[Saved entries]
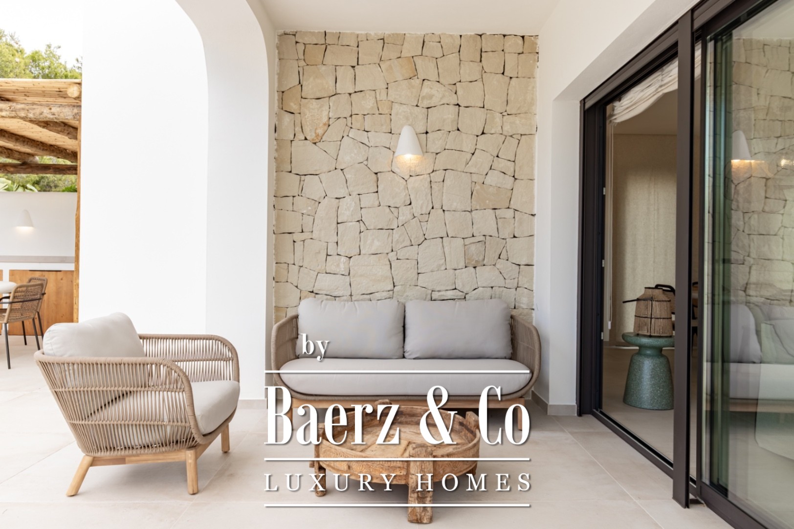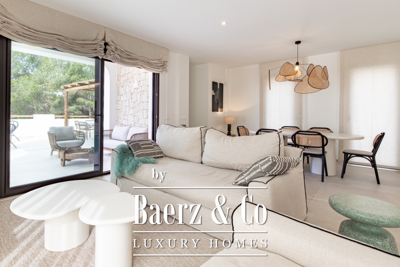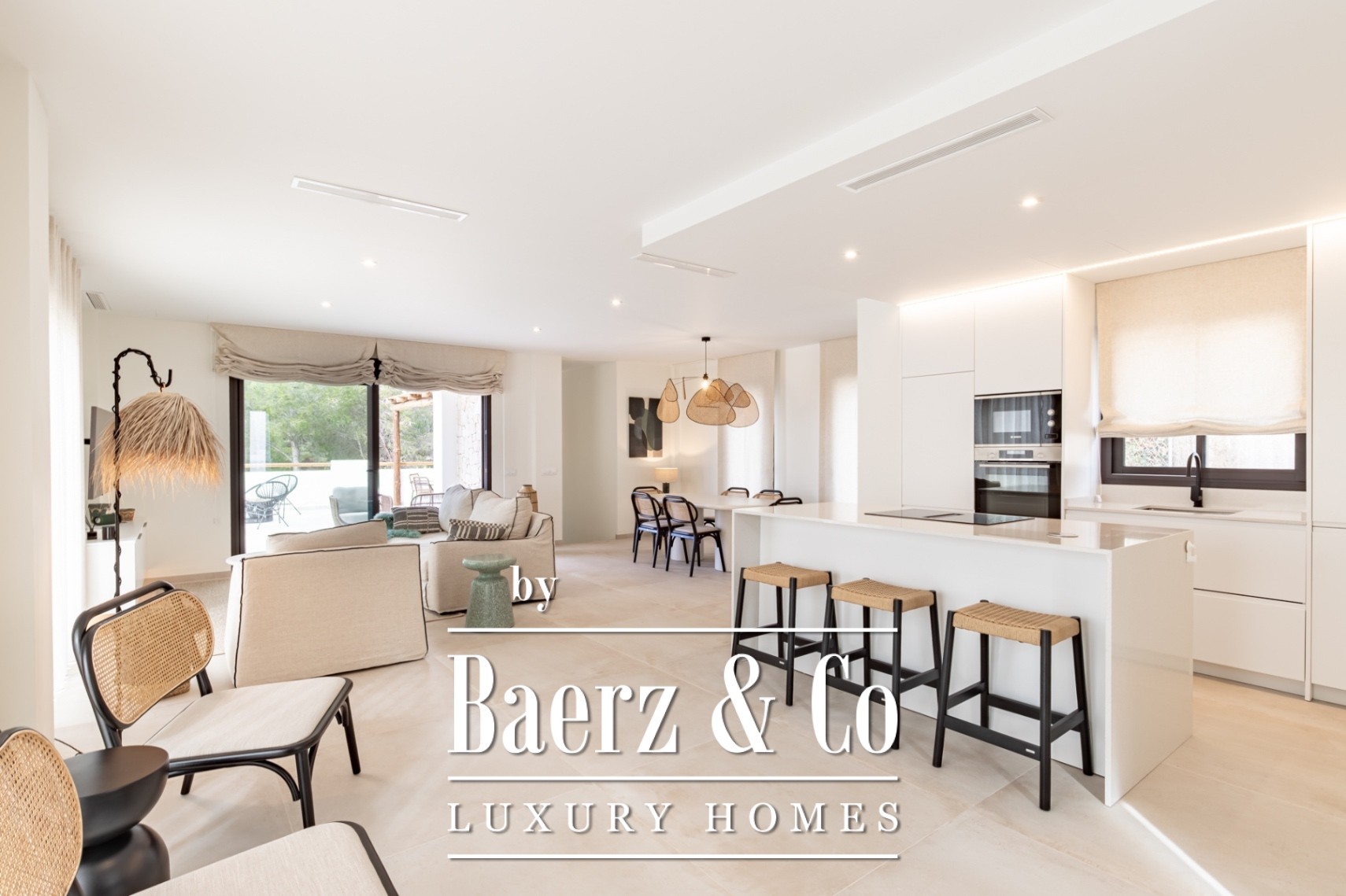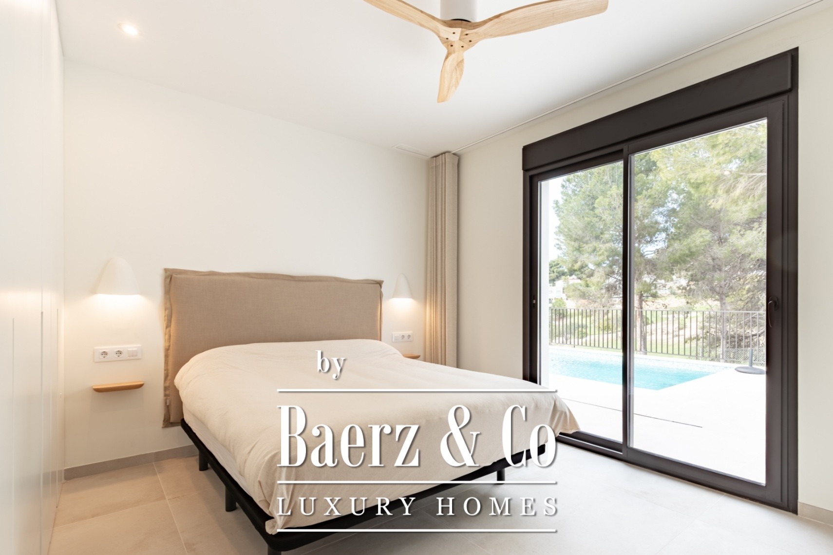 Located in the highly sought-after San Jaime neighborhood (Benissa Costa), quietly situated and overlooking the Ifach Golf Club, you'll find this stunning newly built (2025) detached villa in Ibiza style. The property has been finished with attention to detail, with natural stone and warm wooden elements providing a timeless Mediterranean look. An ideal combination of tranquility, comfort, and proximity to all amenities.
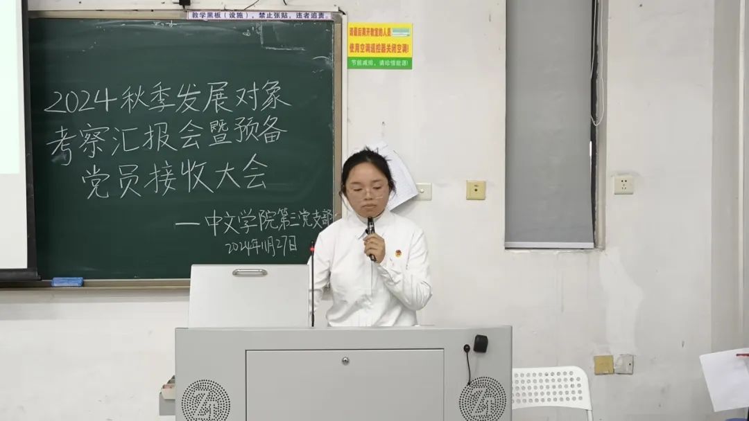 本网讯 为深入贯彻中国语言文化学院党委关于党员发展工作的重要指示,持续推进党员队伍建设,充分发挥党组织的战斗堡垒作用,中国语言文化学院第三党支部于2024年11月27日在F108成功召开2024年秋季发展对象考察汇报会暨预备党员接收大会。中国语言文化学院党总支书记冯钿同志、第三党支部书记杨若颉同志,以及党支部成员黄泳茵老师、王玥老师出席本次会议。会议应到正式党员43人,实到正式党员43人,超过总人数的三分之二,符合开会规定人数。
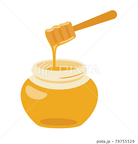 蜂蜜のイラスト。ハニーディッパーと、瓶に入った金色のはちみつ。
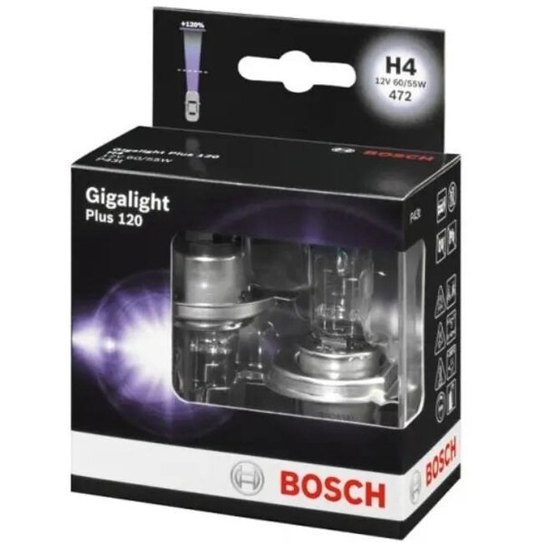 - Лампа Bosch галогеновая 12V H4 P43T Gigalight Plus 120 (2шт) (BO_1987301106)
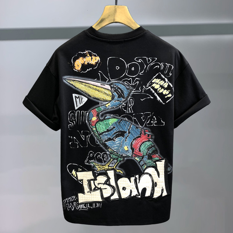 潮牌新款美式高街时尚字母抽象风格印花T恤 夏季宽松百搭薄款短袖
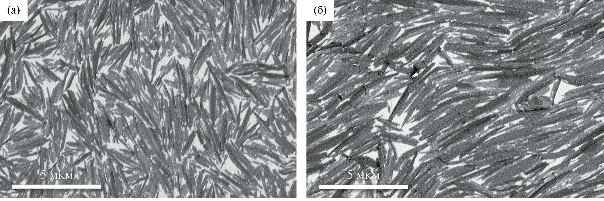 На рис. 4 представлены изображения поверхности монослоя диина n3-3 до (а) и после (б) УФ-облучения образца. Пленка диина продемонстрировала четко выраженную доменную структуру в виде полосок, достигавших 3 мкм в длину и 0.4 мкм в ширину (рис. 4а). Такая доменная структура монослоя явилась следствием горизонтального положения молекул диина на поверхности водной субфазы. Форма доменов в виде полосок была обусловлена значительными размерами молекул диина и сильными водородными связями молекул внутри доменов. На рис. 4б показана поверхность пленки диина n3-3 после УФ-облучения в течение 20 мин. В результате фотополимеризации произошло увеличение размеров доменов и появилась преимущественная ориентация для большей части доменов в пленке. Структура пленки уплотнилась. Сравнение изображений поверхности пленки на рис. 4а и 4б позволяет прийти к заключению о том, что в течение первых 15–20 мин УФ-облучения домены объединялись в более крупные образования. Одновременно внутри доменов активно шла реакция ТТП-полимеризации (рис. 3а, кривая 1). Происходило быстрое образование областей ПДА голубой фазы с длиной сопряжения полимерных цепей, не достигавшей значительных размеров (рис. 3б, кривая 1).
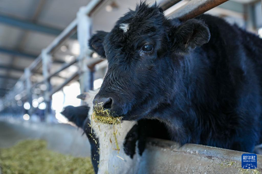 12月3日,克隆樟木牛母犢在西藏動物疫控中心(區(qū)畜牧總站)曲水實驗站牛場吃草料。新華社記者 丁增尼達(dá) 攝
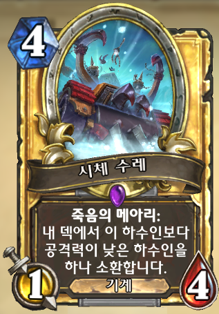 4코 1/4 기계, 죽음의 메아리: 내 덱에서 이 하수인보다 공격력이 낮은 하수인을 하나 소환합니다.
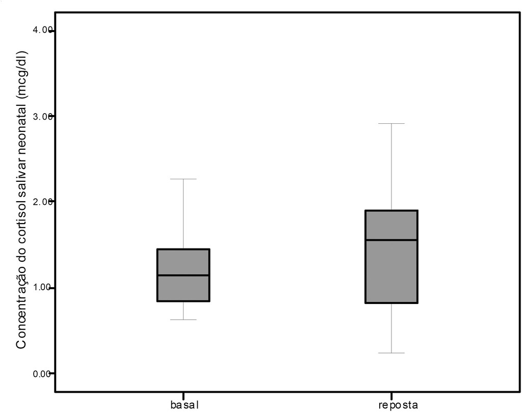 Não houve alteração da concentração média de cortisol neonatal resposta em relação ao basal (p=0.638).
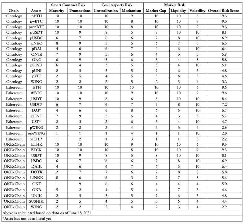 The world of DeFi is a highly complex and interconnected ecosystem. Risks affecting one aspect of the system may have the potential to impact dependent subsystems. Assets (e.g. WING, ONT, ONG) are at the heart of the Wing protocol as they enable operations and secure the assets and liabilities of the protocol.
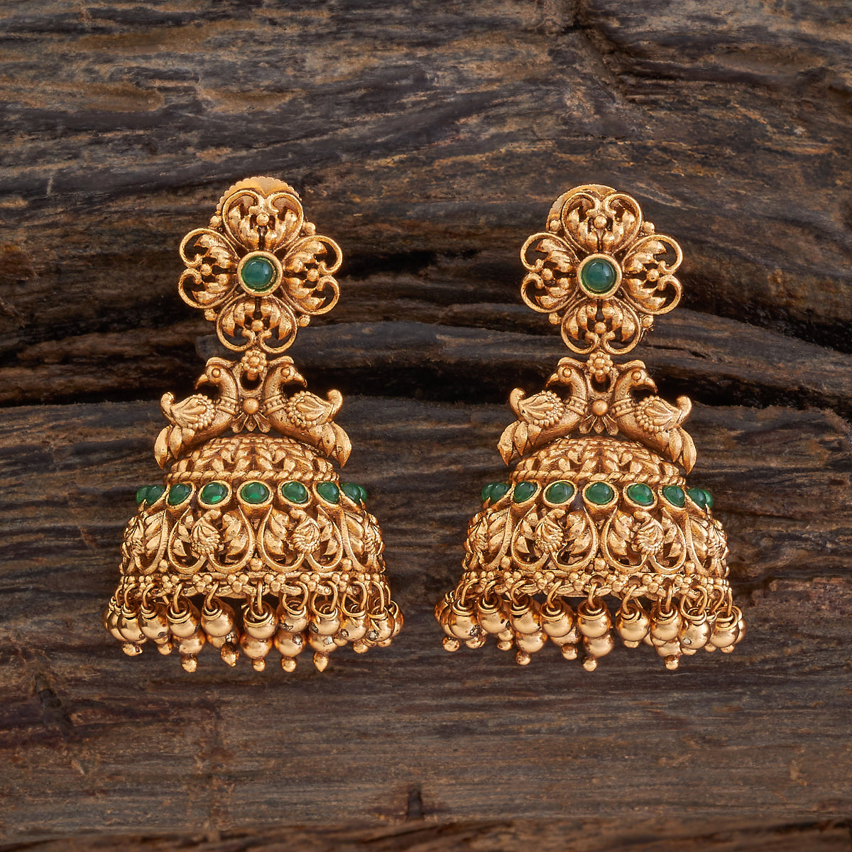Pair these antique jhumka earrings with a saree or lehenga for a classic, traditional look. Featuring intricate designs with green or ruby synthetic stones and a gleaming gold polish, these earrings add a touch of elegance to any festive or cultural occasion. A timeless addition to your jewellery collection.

■ Task to carry out
Write back the stretch of lines above that begins with the line holding "本网讯 为深入贯彻中国语言文" and ends with the line holding "潮牌新款美式高街时尚字母抽象风格印花T恤 夏季宽松百搭薄款短袖", both included, exactly as written. Pictures stay out.

■ Task output
 本网讯 为深入贯彻中国语言文化学院党委关于党员发展工作的重要指示,持续推进党员队伍建设,充分发挥党组织的战斗堡垒作用,中国语言文化学院第三党支部于2024年11月27日在F108成功召开2024年秋季发展对象考察汇报会暨预备党员接收大会。中国语言文化学院党总支书记冯钿同志、第三党支部书记杨若颉同志,以及党支部成员黄泳茵老师、王玥老师出席本次会议。会议应到正式党员43人,实到正式党员43人,超过总人数的三分之二,符合开会规定人数。
 蜂蜜のイラスト。ハニーディッパーと、瓶に入った金色のはちみつ。
 - Лампа Bosch галогеновая 12V H4 P43T Gigalight Plus 120 (2шт) (BO_1987301106)
 潮牌新款美式高街时尚字母抽象风格印花T恤 夏季宽松百搭薄款短袖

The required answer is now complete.